Tigmint

Correcting Misassemblies Using Linked Reads From Large Molecules

Shaun Jackman @sjackman

Lauren Coombe, Justin Chu, Rene L Warren, Benjamin P Vandervalk, Sarah Yeo, Zhuyi Xue, Hamid Mohamadi, Joerg Bohlmann, Steven JM Jones, Inanc Birol

RECOMB-Seq 2018-04-20
https://sjackman.ca/tigmint-recomb-slides
Funded by Genome Canada · Genome BC · NIH · NSERC

Shaun Jackman

Birol Bioinformatics Technology Lab
BC Cancer Genome Sciences Centre · Vancouver, Canada
@sjackman · github.com/sjackman · sjackman.ca
Shaun’s head shot

Linked Reads

Tools for Linked Reads

Align linked reads
Lariat (Long Ranger) · EMA
Structural variants
Long Ranger · GROC-SVs · NAIBR · SVenX · Topsorter
Phase variants
Long Ranger
Genome sequence assembly
Supernova
Scaffolding
ARCS · Architect · Fragscaff · Scaff10x

https://github.com/johandahlberg/awesome-10x-genomics

Contigs and scaffolds come to an end due to…

repeats
sequencing gaps
structural variation
misassemblies

Misassemblies limit contiguity

particularly for highly contiguous assemblies.

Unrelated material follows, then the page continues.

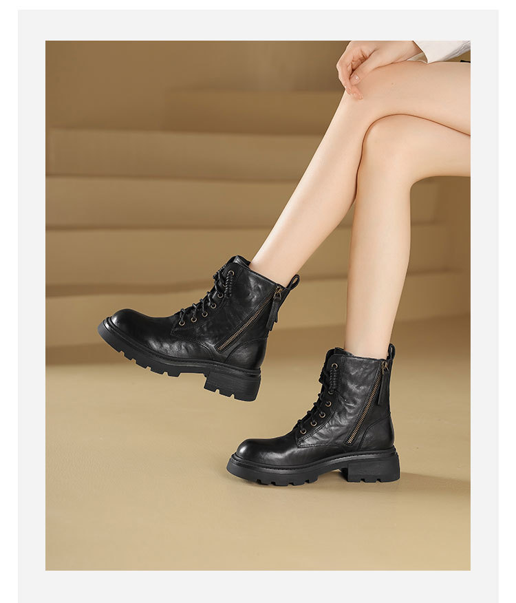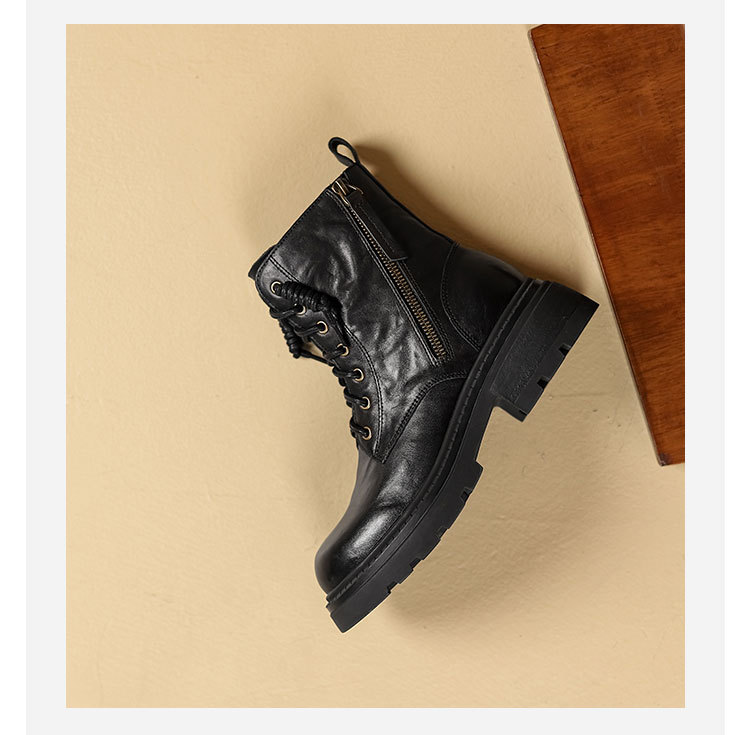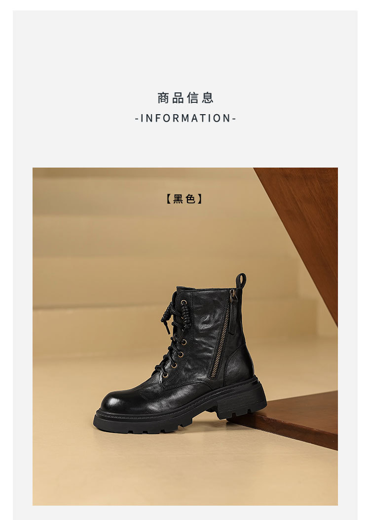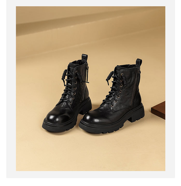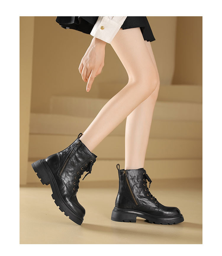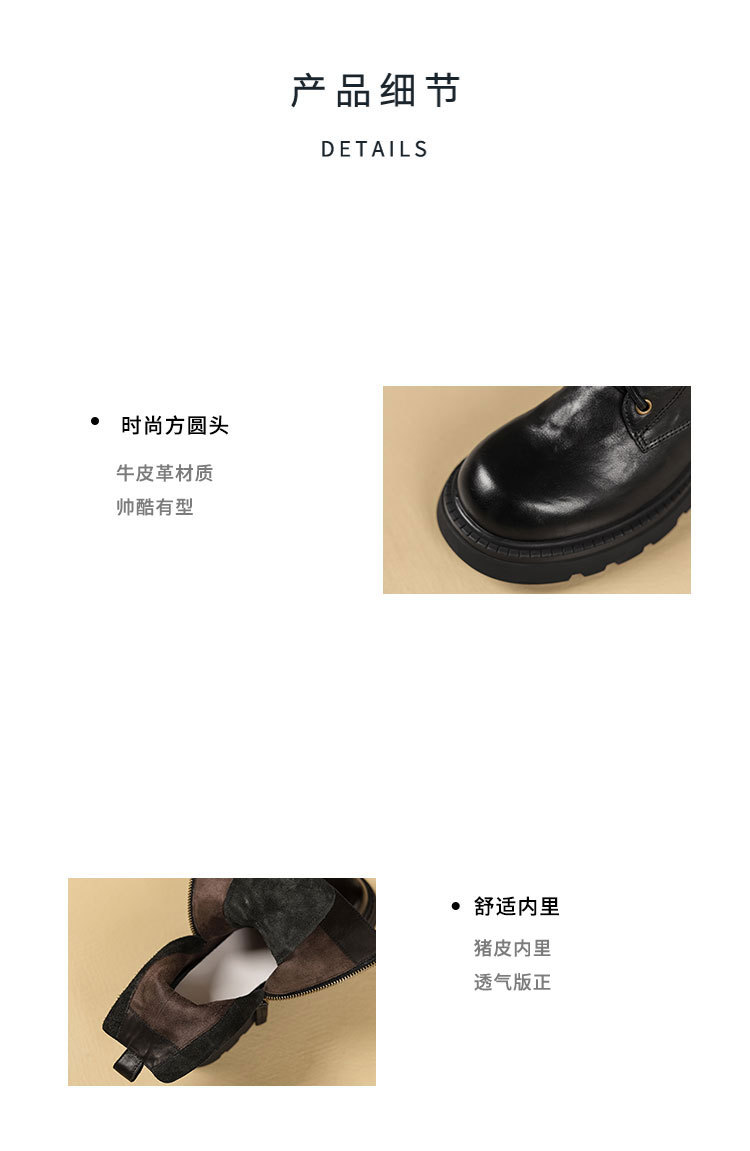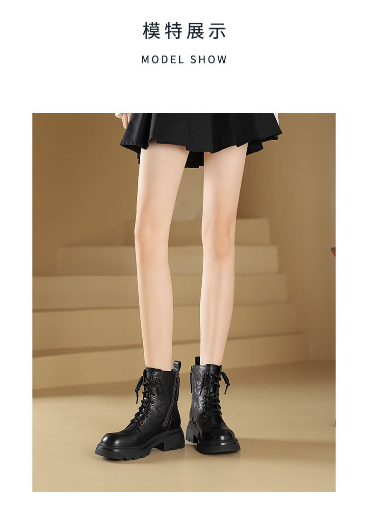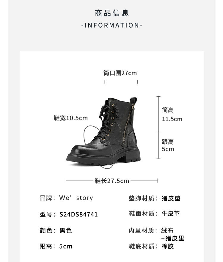 westory2024年秋冬新款优雅风厚底粗跟百搭短靴马丁靴S24DS84741

Most scaffolding tools do not correct misassemblies.

Correct misassemblies

Scaffold

https://github.com/bcgsc/tigmint

Method

Map reads to the assembly
Group reads within d bp of each other (d = 50 kbp)
Infer start and end coordinates of molecules
Construct an interval tree of the molecules
Each w bp region ought to be spanned by n molecules
(w = 1 kbp, n = 20)
Identify regions with fewer than n spanning molecules
Cut sequences at regions with insufficient coverage

Tracks from top to bottom
molecule coverage, molecules, read coverage, reads

https://github.com/JustinChu/JupiterPlot

Human genome assembly (GIAB HG004 NA24143)

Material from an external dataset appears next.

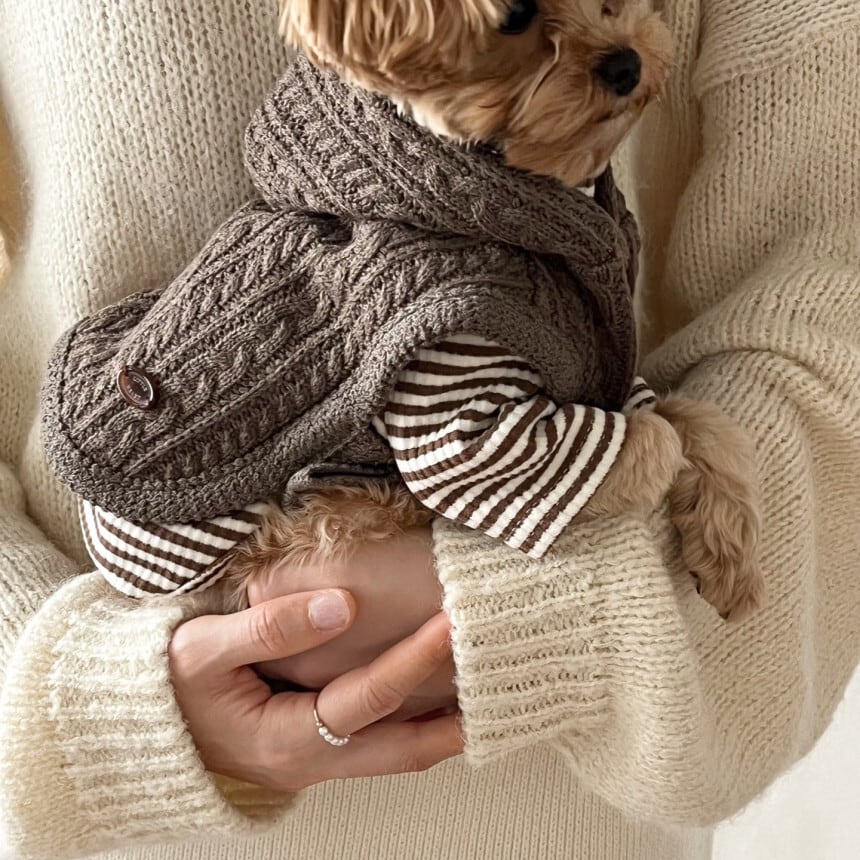 ふんわりとしたニットの組み合わせに厚みがあり
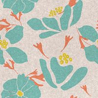 Abstracte bladeren en bloemen, klaprozen of anemoonbloemen in retrokleuren en -texturen.

Assemble human HG004 with PE, MP, and linked reads
Scaffolding with ARCS improved NGA50 from 3 to 8 Mbp
Tigmint reduced misassemblies by 216 (27% reduction)
Tigmint + ARCS improved NGA50 over five-fold to 16 Mbp

Human genome assemblies (GIAB HG004 NA24143)

Note: Supernova used only linked reads, others PE+MP+LR.

Corrects and improves long read assemblies too!

Sequencing	Nanopore	PacBio
Assembler	Canu	Falcon
NGA50 before Tigmint + ARCS	5.4 Mbp	4.2 Mbp
NGA50 after Tigmint + ARCS	10.9 Mbp	12.0 Mbp
Improvement	2.0x	2.9x

Time and Memory

bwa mem Map reads to assembly
5½ hours, 17 GB RAM, 48 threads
tigmint-molecule Group reads into molecules
3¼ hours, 0.08 GB RAM, 1 thread
tigmint-cut Identify misassemblies and cut sequences
7 minutes, 3.3 GB RAM, 48 threads

Conclusion

Scaffolding after correcting with Tigmint yields an assembly both more correct and more contiguous.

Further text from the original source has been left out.